На несоздавшуюся душу ребенка слова полковника произвели глубокое впечатление: он почувствовал с этой минуты, что связан чем-то с крошечным, крикливым, слабым ребенком, - а всякая привязанность, всякая связь тяжело достается человеку. Рано или поздно ведь расторгнут же ее общественные отношения или сам он? Ибо нет ничего, во что бы не ввязались отношения общественные и беспокойный эгоизм человека.
Детей воспитывали отдельно; Ванечку, или Жанно, как звал его полковник, которому тяжело было говорить не по-французски даже на родном наречии, Ванечку, говорю я, предоставили совершенно бригадиру и старому дядьке, угрюмому, как осенняя русская ночь, - Мари (ибо русское уменьшительное Машенька никогда для нее не существовало: отец и мать звали ее Мари, дворня - Марьей Сергеевной, вся, без исключения даже ее старой няньки, прежней няньки Ванечки), Мари воспитывалась на руках этой няньки, двух мамушек и десяти штук горничных девок, отличавшихся от дворовых тем, что они очень редко ходили босые и, в наказание за известные уступки матери-природе, были разжалываемы строгой нравственностью барыни в дворовые, тогда как дворовые просто ссылаемы были на деревню, эти наказания вполне и безусловно входили в права домашней юстиции Анны Николаевны. Сергей Петрович в них не вмешивался, потому что был утилитарист, а может быть, и по другой причине. Итак, детей воспитывали отдельно, но играли они вместе.
Жанно было десять, Мари - семь лет. Жанно давно уже бегло читал, писал и говорил по-французски и по-русски. Мари говорила по-русски, а читала только по-французски.

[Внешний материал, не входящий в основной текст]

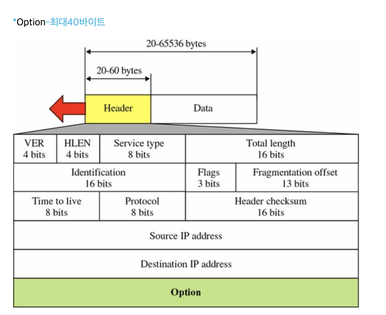 총 20Byte의 기본길이와 옵션을 사용해 크기가 최대 60Byte까지 가질 수 있음
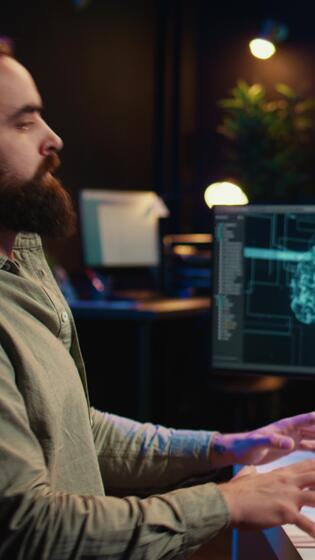 Vertical video Deviant AI superintelligence enslaving its creator, controlling his limbs, doing robotic movements. Rogue artificial intelligence possessing man, threating humanity, camera B Pro Video
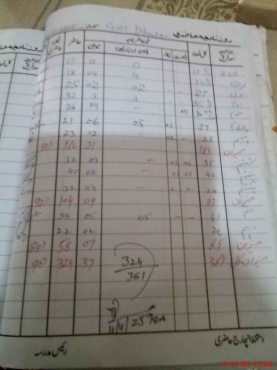| No. of Students Present - Male | 12 | 0 | 16 | 25 | 30 | 24 | 21 | 23 | 32 | 40 | 32 | 36 | 22 | 313 | ||
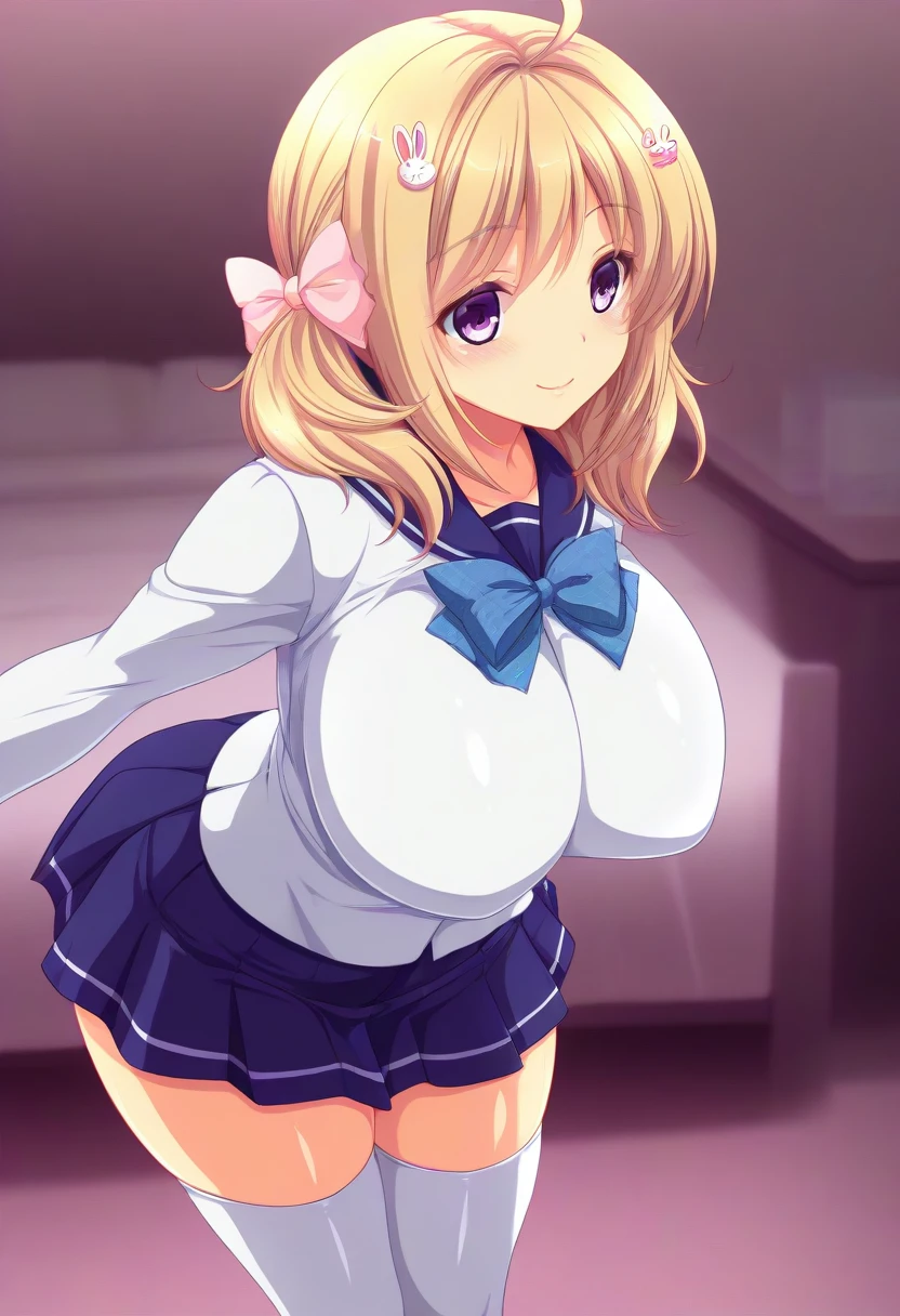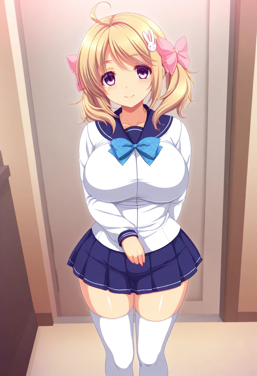 Recommend Prompt:An Tsuburai, purple eyes, blonde hair, medium hair, twintails, ahoge, hair ribbon, rabbit hair ornament,
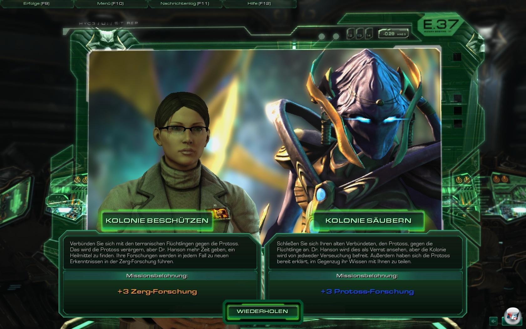 und das Rekrutieren der weiteren Crewmitglieder weiß zu überzeugen, fällt danach aber in ein kleines Loch, in dem die Story langsam oder kaum merklich fortgesetzt wird, während man fleißig Upgrades sammelt und Einheiten freischaltet. Erst mit den Protoss-Missionen, die ein integraler Bestandteil der Terraner-Kampagne sind und ohne die die Story nicht funktionieren würde, nimmt die Erzählung Fahrt auf und legt richtig los. Die vier Protoss-Missionen enden mit einer vernichtenden Schlacht und einem unerwarteten Paukenschlag, bevor die Story um Mengsk, seinen Sohn und Kerrigan wieder die Vorreiterrolle übernimmt. Nach diesem kleinen Hänger im ersten Drittel dreht die Geschichte dank des Protosskniffes spürbar auf, die Intensität kocht hoch und die Reaktionen der Protagonisten werden emotionaler, auch wenn sie nicht ganz an das Niveau von WarCraft III heranreichen.
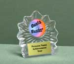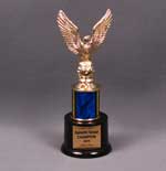 This beautiful gold eagle with spread wings recognizing accomplishment sits on a blue column accent.
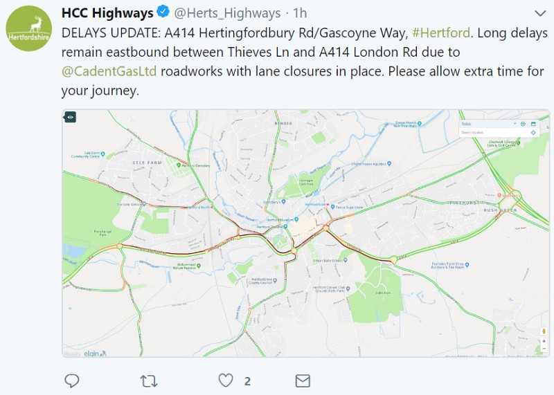 The gas mains replacement works are being carried out by Cadent and involve closing one lane of the A414 southbound until the end of the week. However, no work is actually taking place in the road.
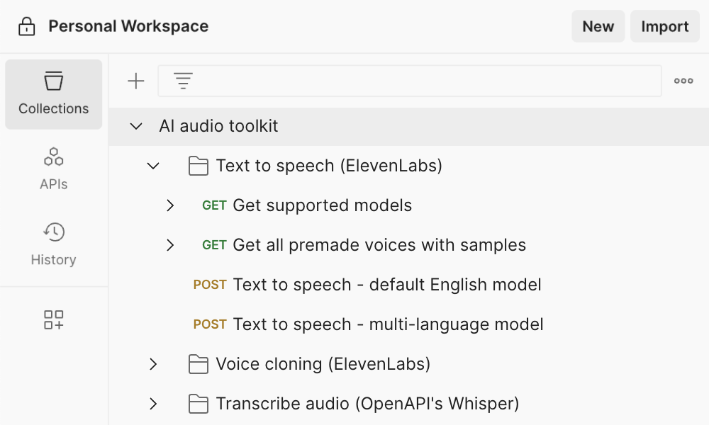 This template contains ElevenLabs and OpenAI API endpoints that help you fetch details of available models, generate audio from text, clone voices, and transcribe audio files. Using these endpoints, you can create applications with virtual assistants, audiobooks, voice services, and other audio-related tasks across industries.
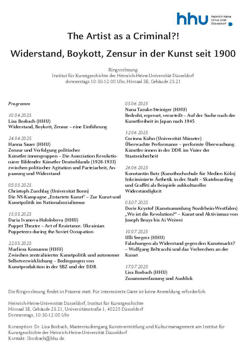 Ab 10.04.2025 findet donnerstags die Ringvorlesung unter dem Thema "The Artist as a Criminal?!
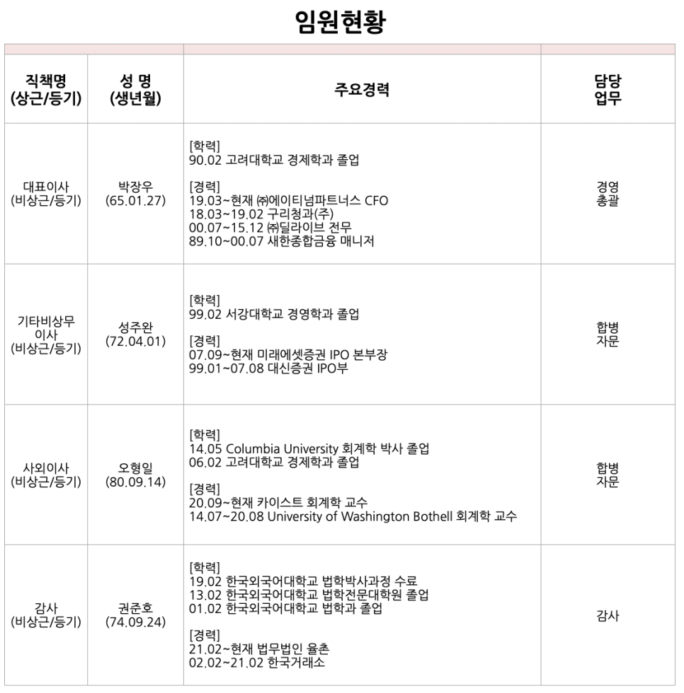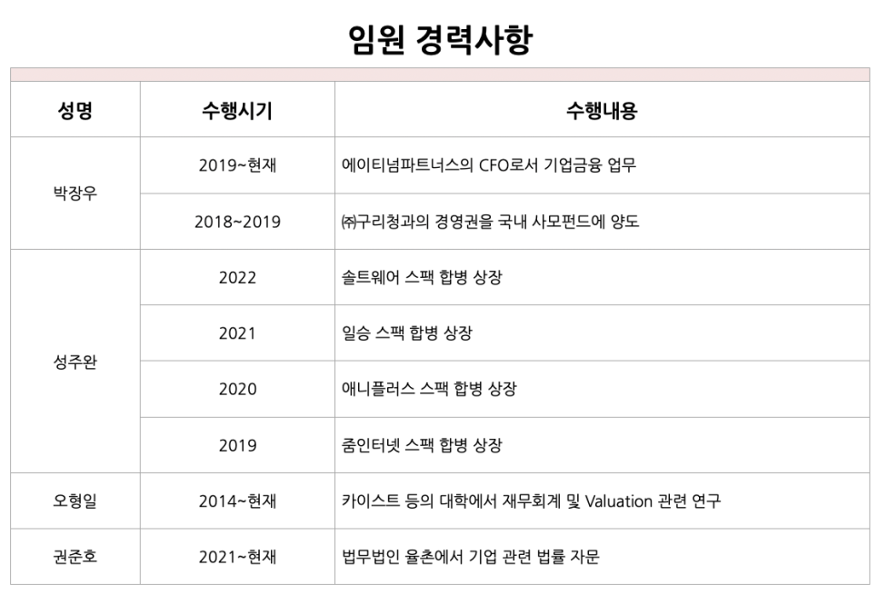 스팩은 기업의 인수합병 목적만을 가진 기업이기 때문에 일반 공모주와 달리 임원의 역량이 기업의 투자 포인트로 귀결된다고 볼 수 있습니다.

Бентэм был англичанин, Оуэн тоже англичанин, великий Франклин был американец, но говорил и писал по-английски. Вследствие этого Сергей Петрович рассудил выписать из Москвы для двух детей какую-то мисс Томпсон, на что бригадир кивнул утвердительно головою и сказал два каких-то загадочных слова о _шотландских степенях_. {9}
Старику стукнуло восемьдесят, но он по-прежнему был бодр и прям. Странно было то, что он глубоко, почти страстно привязался к своему питомцу, который звал его дедушкой. Угрюмый и суровый со всеми, даже с зятем, который мог бы понимать его, бригадир был нежен, как мать, к своему Жанно. Когда ребенок спал, старик часто склонялся над его маленькой постелью и смотрел на него по целым часам с заботливою, беспредельною любовию, с каким-то тайным ожиданием. Так ждут искатели философского камня расцвета таинственного цветка - чада солнца.
За что полюбил его старик? Напоминало ли ему это прекрасное, нежное лицо, эти большие глаза ребенка с выражением вовсе не детским, что-либо давно минувшее, быть может, черты когда-то любимой женщины, или просто была это жажда какой-нибудь привязанности, когда все нас оставляет, последнее усилие утопающего схватиться хоть за соломину?
Когда старик сидел углубленный в чтение ветхих пергаментных книг, ребенок сидел также за книгою, безмолвный, задумчивый. Это был странный ребенок, или, лучше сказать, это было странное создание двух веков: спартански-смелый, ловкий и сильный, он был, однако, важен и задумчив не по летам.
Старик имел привычку при чтении говорить иногда с самим собою, когда лицо его воспламенялось, но речи были так же загадочны и отрывисты; и ребенок с непонятным наслаждением всматривался в его черты, жадно вслушивался в эти темные таинственные речи.
И, заметивши это, старик вперял в него свой внимательный, пронзающий взгляд, и Жанно не отворачивался от этого невыносимого многим взгляда.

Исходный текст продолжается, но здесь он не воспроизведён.